◆ **PROBLEM REQUIREMENTS**
Reproduce exactly only the lines from the line that holds "The chondroitin sulfate" to the line that holds "Cầm con dao", inclusive, in the listing below, and please leave out every picture.

◆ **DATA**
--- START ---

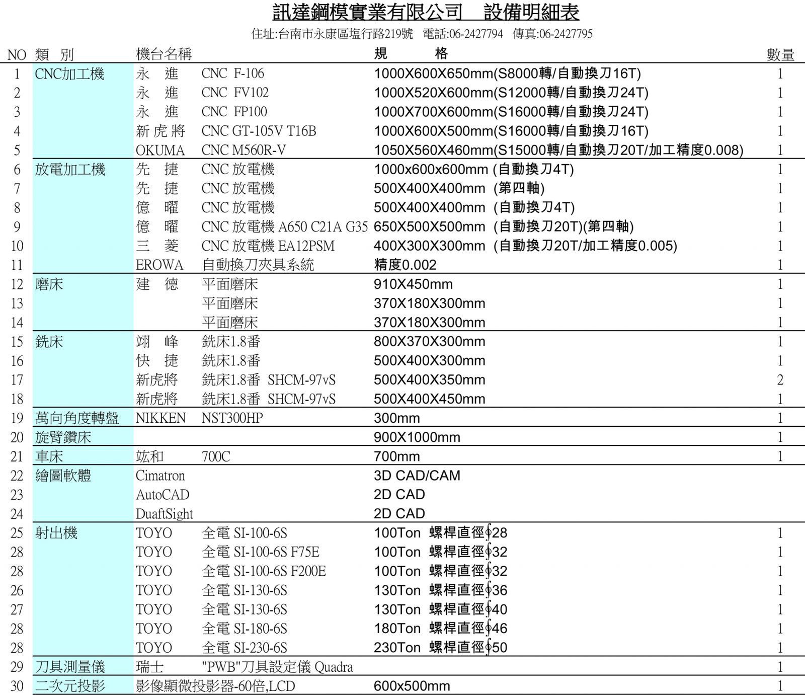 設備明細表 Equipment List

--- END ---
--- START ---

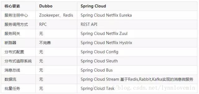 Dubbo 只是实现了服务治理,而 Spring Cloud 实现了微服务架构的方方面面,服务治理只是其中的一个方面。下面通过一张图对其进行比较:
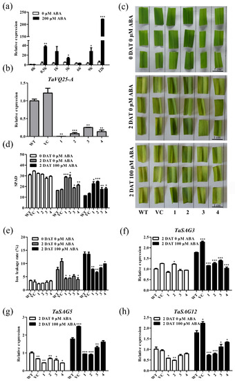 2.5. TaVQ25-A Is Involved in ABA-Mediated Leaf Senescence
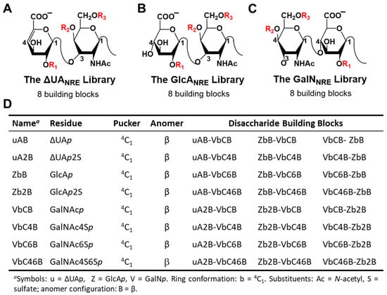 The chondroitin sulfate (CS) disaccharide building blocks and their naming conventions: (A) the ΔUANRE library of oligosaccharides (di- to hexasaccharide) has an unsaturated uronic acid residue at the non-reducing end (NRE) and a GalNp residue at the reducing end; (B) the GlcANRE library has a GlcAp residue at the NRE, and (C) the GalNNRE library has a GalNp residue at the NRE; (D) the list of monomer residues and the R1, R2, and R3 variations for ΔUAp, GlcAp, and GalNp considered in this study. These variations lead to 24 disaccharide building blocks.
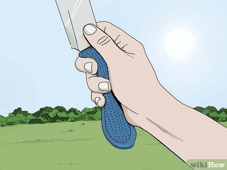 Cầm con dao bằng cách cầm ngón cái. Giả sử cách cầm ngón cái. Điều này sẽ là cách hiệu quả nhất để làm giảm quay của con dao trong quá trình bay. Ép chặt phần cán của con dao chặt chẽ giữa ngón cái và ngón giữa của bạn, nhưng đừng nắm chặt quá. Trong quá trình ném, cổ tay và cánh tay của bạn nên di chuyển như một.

--- END ---
--- START ---

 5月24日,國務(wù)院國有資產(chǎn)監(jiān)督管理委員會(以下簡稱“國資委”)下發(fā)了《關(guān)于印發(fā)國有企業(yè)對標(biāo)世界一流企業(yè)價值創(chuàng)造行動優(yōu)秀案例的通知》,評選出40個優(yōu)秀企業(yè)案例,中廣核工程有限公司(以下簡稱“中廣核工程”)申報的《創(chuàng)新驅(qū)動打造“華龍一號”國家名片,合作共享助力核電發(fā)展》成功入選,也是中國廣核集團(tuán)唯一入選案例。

--- END ---

◆ **EXERCISE OUTPUT**
 The chondroitin sulfate (CS) disaccharide building blocks and their naming conventions: (A) the ΔUANRE library of oligosaccharides (di- to hexasaccharide) has an unsaturated uronic acid residue at the non-reducing end (NRE) and a GalNp residue at the reducing end; (B) the GlcANRE library has a GlcAp residue at the NRE, and (C) the GalNNRE library has a GalNp residue at the NRE; (D) the list of monomer residues and the R1, R2, and R3 variations for ΔUAp, GlcAp, and GalNp considered in this study. These variations lead to 24 disaccharide building blocks.
 Cầm con dao bằng cách cầm ngón cái. Giả sử cách cầm ngón cái. Điều này sẽ là cách hiệu quả nhất để làm giảm quay của con dao trong quá trình bay. Ép chặt phần cán của con dao chặt chẽ giữa ngón cái và ngón giữa của bạn, nhưng đừng nắm chặt quá. Trong quá trình ném, cổ tay và cánh tay của bạn nên di chuyển như một.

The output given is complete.